DESCRIPTION OF THE PREFERRED EMBODIMENT

[0012] The invention proposes an AI system for protein superfamily classification, which is an expert system utilizing NN technology and the fuzzy logic system. The expert system can organize the experts' knowledge and simulate the inference behavior of experts, to classify a protein family.

[0013] First, the experts' knowledge consists of linguistic variables and a fuzzy set, and a fuzzy expert system is built by the derived linguistic variables and fuzzy set. The inference process of the fuzzy logic can be represented by a resolution function. Then, various algorithms in NN are used to adapt the parameters of the fuzzy expert system. The fuzzy expert system automatically updates its knowledge base, hence the fuzzy inference engine works correctly as time goes by.

[0014] The proposed system is used to improve the efficiency of the protein family (e.g., protein super family) classification. FIG. 1 shows the architecture of the proposed system. The AI system 40 integrates a fuzzy logic system 10 into an NN system 20 to classify the protein super family sequence 60.

[0015] There are various combinations of a fuzzy logic system 10 and an NN system 20. FIG. 3A shows the first example of the combinations. The input data X1˜Xn are processed by a fuzzy set Ai. Then the results are classified by membership functions μA1˜μAn and the aggregation operator {circle over (x)} to obtain the classification result Y. FIG. 3B shows the second example of the combinations. It directly codes the fuzzy logic system into the NN system.
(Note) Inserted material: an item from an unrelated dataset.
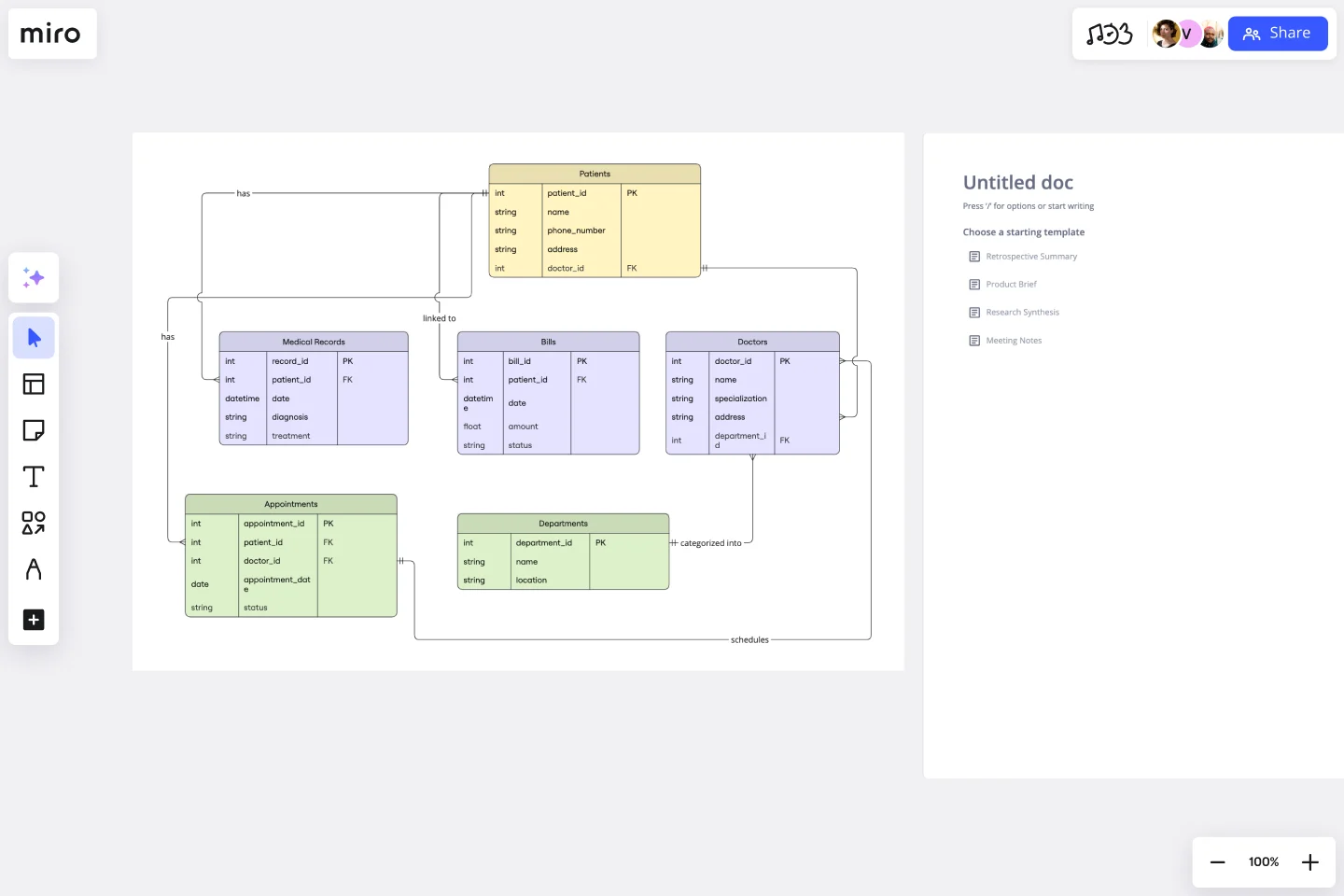 Collaboration: Miro’s platform facilitates collaboration, allowing multiple users to contribute to the ERD simultaneously, which is particularly useful for remote teams.

The input data X1˜Xn are processed by a fuzzy set Ai to obtain Y=X1{circle over (x)}X2{circle over (x)} . . . . FIG. 3C shows the third example of the combinations. Multiple input Xis are processed by a fuzzy transfer relation R (e.g., t-norm) to obtain the result Y.
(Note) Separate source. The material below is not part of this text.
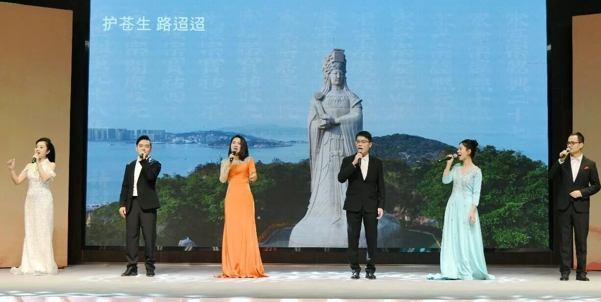 市政协委员林雅丽、市政协机关干部陈伟、林永龙,荔城区政协委员曾幸彬,市移动公司姚智治、刘超然演唱歌曲《妈祖》

[0016] In addition, CAM 50 concept is used in the hardware architecture to make the search process faster. It also reduces the size of the hardware architecture so that the hardware can be designed as a commercialized interface card.

[0017] FIGS. 2A and 2B show the search processes of a traditional approach and CAM, respectively. In a traditional computer-based search method, the address to be searched is inputted (Step 201), and personal computers or other computation devices then search the address-content table 202 to obtain the corresponding content (Step 203) and compare the content (Step 204). The efficiency of the traditional approach is low, since it searches the address-content table sequentially.

[0018] In CAM, after the content is inputted, the result can be obtained by applying logical operations (Step 213) to the address-content table 212, hence the search-efficiency is improved.

[0019] The proposed AI system integrates the fuzzy inference theory into an NN system, and improves robustness, convergence and correctness by utilizing the memory and learning characteristics of NN systems, the determination expertise of the fuzzy inference theory, and a content addressable memory to make the system can be commercialized easily.

[0020] While the preferred embodiment of the invention has been set forth for the purpose of disclosure, modifications of the disclosed embodiment of the invention as well as other embodiments thereof may occur to those skilled in the art. Accordingly, the appended claims are intended to cover all embodiments, not departing from the spirit and scope of the invention.

[0021] While the preferred embodiment of the invention has been set forth for the purpose of disclosure, modifications of the disclosed embodiment of the invention as well as other embodiments thereof may occur to those skilled in the art. Accordingly, the appended claims are intended to cover all embodiments which do not depart from the spirit and scope of the invention.